Il commercio dei refrigeranti idrocarburi

928756869-Servizio-Smaltimento-Bombole-Gas-RefrigeranteTrecentomila dollari di multa ad un rivenditore statunitense per la commercializzazione di refrigeranti idrocarburi non approvati. Secondo la denuncia, presumibilmente, l’azienda ha violato i requisiti dell’US Clean Air Act, attraverso la commercializzazione e la vendita di due refrigeranti idrocarburi infiammabili, gli ES 22a e ES 502A come sostituti ai refrigeranti dannosi per l’ozono, senza fornire le informazioni necessarie all’ EPA per la revisione e l’approvazione.
EPA non ha approvato alcun idrocarburo infiammabile come sostitutivo per i sistemi non specificamente progettati per i refrigeranti infiammabili e ha avvertito che l’uso di refrigeranti infiammabili in quei sistemi presenta un rischio di incendio o esplosione.
“L’azienda pagherà una penale, fermerà le sue vendite a livello nazionale di refrigeranti infiammabili non approvati e informerà i consumatori dei potenziali rischi per la sicurezza di questi prodotti”, ha sentenziato il Procuratore Generale John Cruden del Dipartimento di Giustizia “Ambiente e risorse naturali”.
“Le aziende saranno tenute ad adottare ai sensi del presente decreto il consenso da parte dei fruitori che li proteggerà e avviserà dell’utilizzo di un prodotto potenzialmente pericoloso”, ha affermato il Dirigente EPA Susan Hedman.
Oltre a pagare una penale e al blocco delle vendite non conformi, la società sarà obbligata ad indicare sull’etichetta, sul proprio sito web e sui materiali di marketing che il refrigerante è “infiammabile a fiamme libere o scintille” e di “procedere con attenzione se utilizzato in sistemi progettati per refrigeranti non infiammabili “. Le etichette devono includere anche le eventuali restrizioni d’uso per sostituti approvati.  La società comunicherà via e-mail a tutti i clienti che in passato hanno acquistato i prodotti etichettati “12a ES”, “ES 22 bis” e “ES 502A” i potenziali rischi per la sicurezza associati a tali prodotti.
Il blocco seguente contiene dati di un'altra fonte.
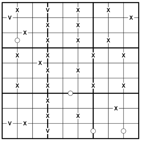 Knights Move: Digits separated by a chess knights move cannot contain the same digit.
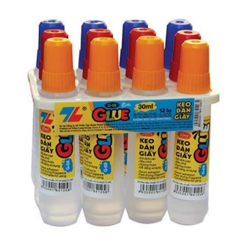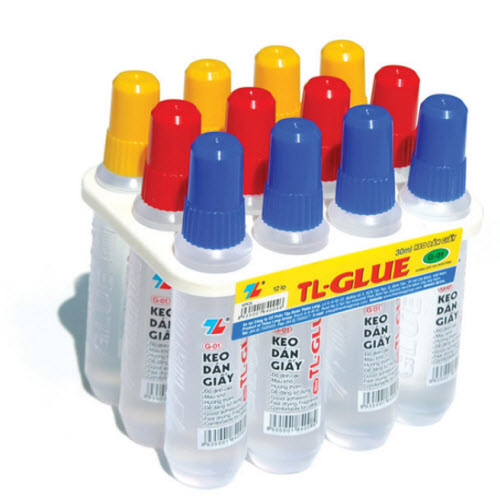 Lọ nhựa trong suốt nên sẽ nhận biết được keo bên trong. Keo không bị có mùi khi để lâu.

L’azienda è stata individuata a seguito di indagini da parte dell’FBI, iniziate a luglio 2013.
In particolare l’FBI ha cercato ogni individuo che avrebbe potuto acquistato Super-Freeze 22a, Super-Freeze12a e Super-Freeze 134a.
Secondo l’FBI, le vendite di tali gas erano rivolte non a Tecnici del Freddo ma al mercato del Fai Da Te; potrebbero quindi essere stati acquistati online da parte di chiunque non essendo necessario esibire la licenza di Tecnico del Freddo per completare l’acquisto.
L’FBI ha consigliato a tutti coloro i quali avessero refrigerante infiammabile nel proprio sistema di aria condizionata di chiamare un Tecnico del Freddo con licenza professionale, e di non tentare di riparare il sistema da soli.